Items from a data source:
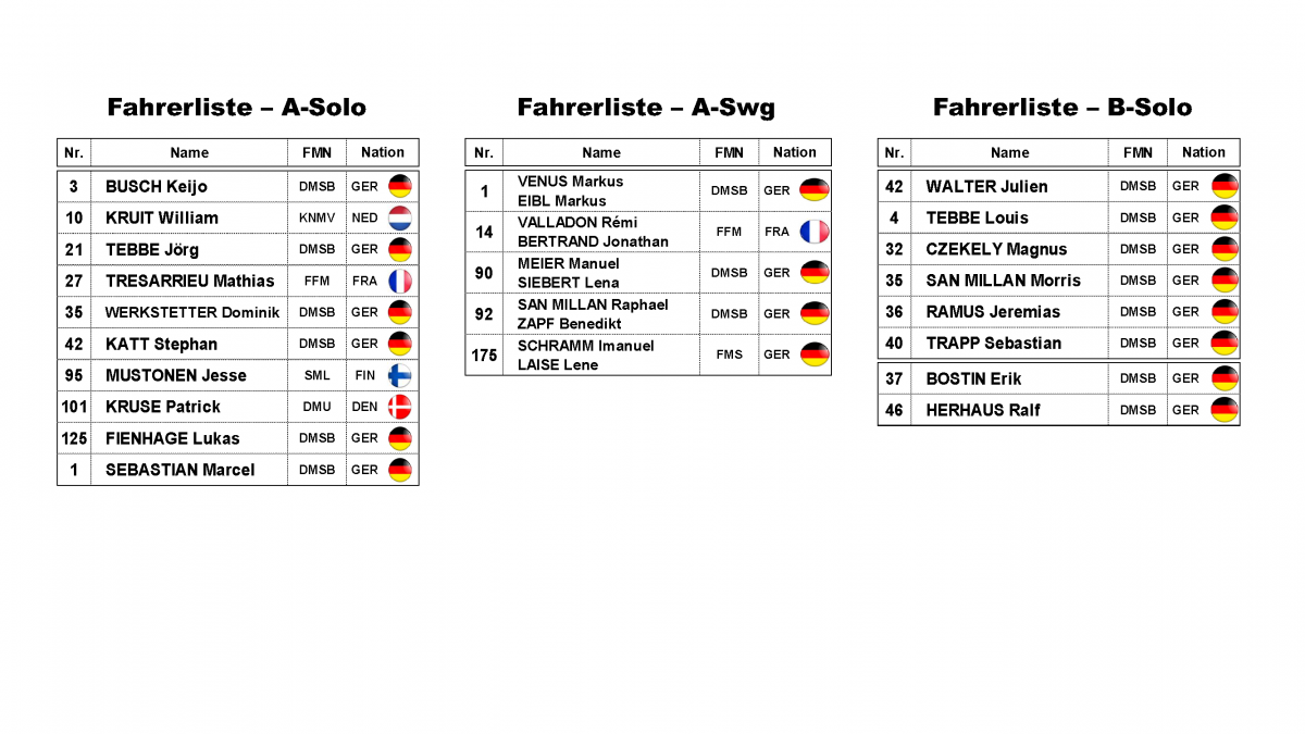Fahreraufstellung komplett
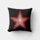 Modern design with a "shining" red and white star on a black background your choice of text on the back. Throw pillow with a customisable design for you to personalise with your own text, images and ideas. This is a digital art image created using original photographs and digital techniques and printed onto fabric, it does not shine or contain real sparkles.
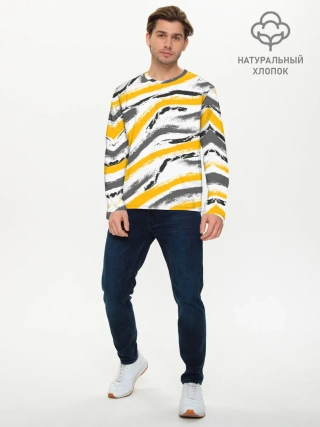 Мужской лонгслив базовый / Серый-желтый
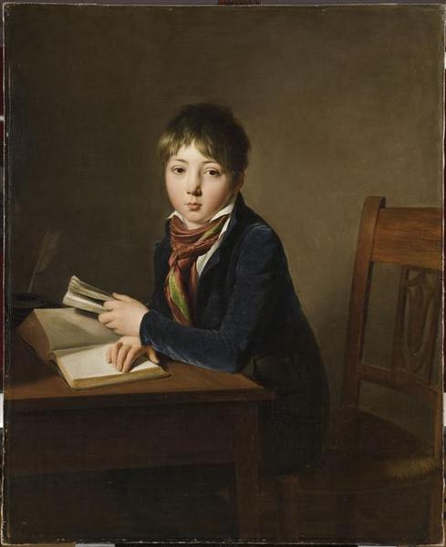 portrait (garçon, assis, foulard (rayure) ; livre ; instrument d'écriture ; plume ; encrier ; siège)
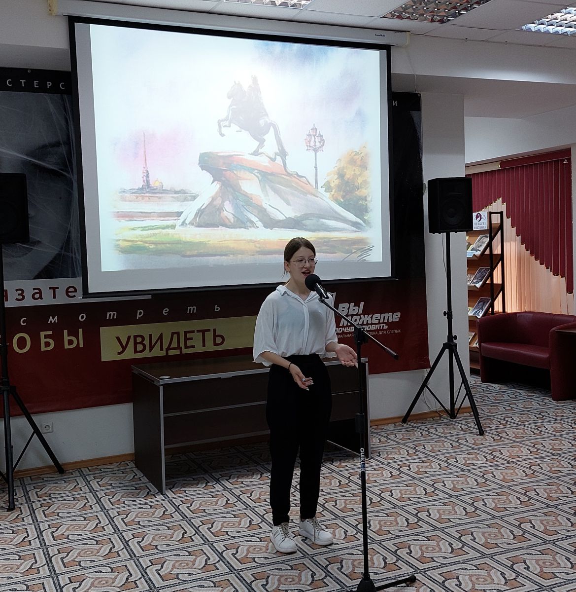 Читатели с большим вниманием слушали рассказ о встрече Маяковского с любовью всей его жизни Лилией Бриг, о первом публичном выступлении, о выпуске первого сборника «Я». Также ведущий рассказал и о памятнике Маяковскому в Москве на Триумфальной площади, о стиле известного поэта одеваться.
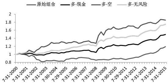 策略方面,我们根据绝对动量的符号对比三种动量策略,当绝对动量为正时持有该资产,而当绝对动量为负时,则作如下处理:不作任何投资,持有现金;以无风险利率进行投资;做空该资产。
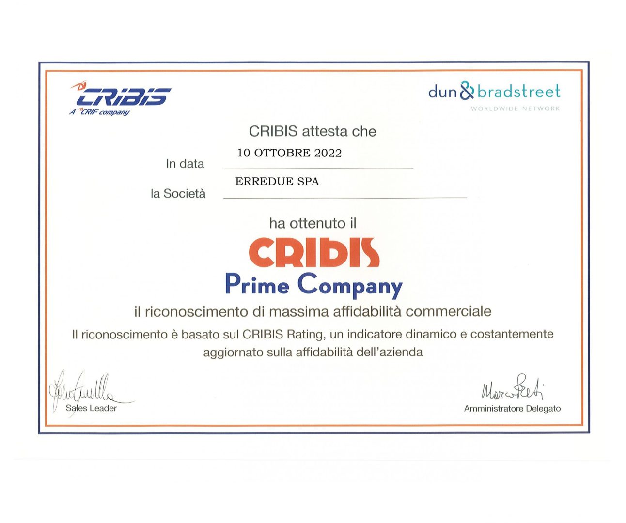 Erredue, on last 10th December,was awarded the renowned recognition Cribis Prime Company for the maximum commercial reliability level: a further proof of the warranty and reliability that Erredue is able to put into play in its own commercial relations.

Your objective
From the entries above, output every line exactly and omit any image.

Answer to the exercise
Fahreraufstellung komplett
 Modern design with a "shining" red and white star on a black background your choice of text on the back. Throw pillow with a customisable design for you to personalise with your own text, images and ideas. This is a digital art image created using original photographs and digital techniques and printed onto fabric, it does not shine or contain real sparkles.
 Мужской лонгслив базовый / Серый-желтый
 portrait (garçon, assis, foulard (rayure) ; livre ; instrument d'écriture ; plume ; encrier ; siège)
 Читатели с большим вниманием слушали рассказ о встрече Маяковского с любовью всей его жизни Лилией Бриг, о первом публичном выступлении, о выпуске первого сборника «Я». Также ведущий рассказал и о памятнике Маяковскому в Москве на Триумфальной площади, о стиле известного поэта одеваться.
 策略方面,我们根据绝对动量的符号对比三种动量策略,当绝对动量为正时持有该资产,而当绝对动量为负时,则作如下处理:不作任何投资,持有现金;以无风险利率进行投资;做空该资产。
 Erredue, on last 10th December,was awarded the renowned recognition Cribis Prime Company for the maximum commercial reliability level: a further proof of the warranty and reliability that Erredue is able to put into play in its own commercial relations.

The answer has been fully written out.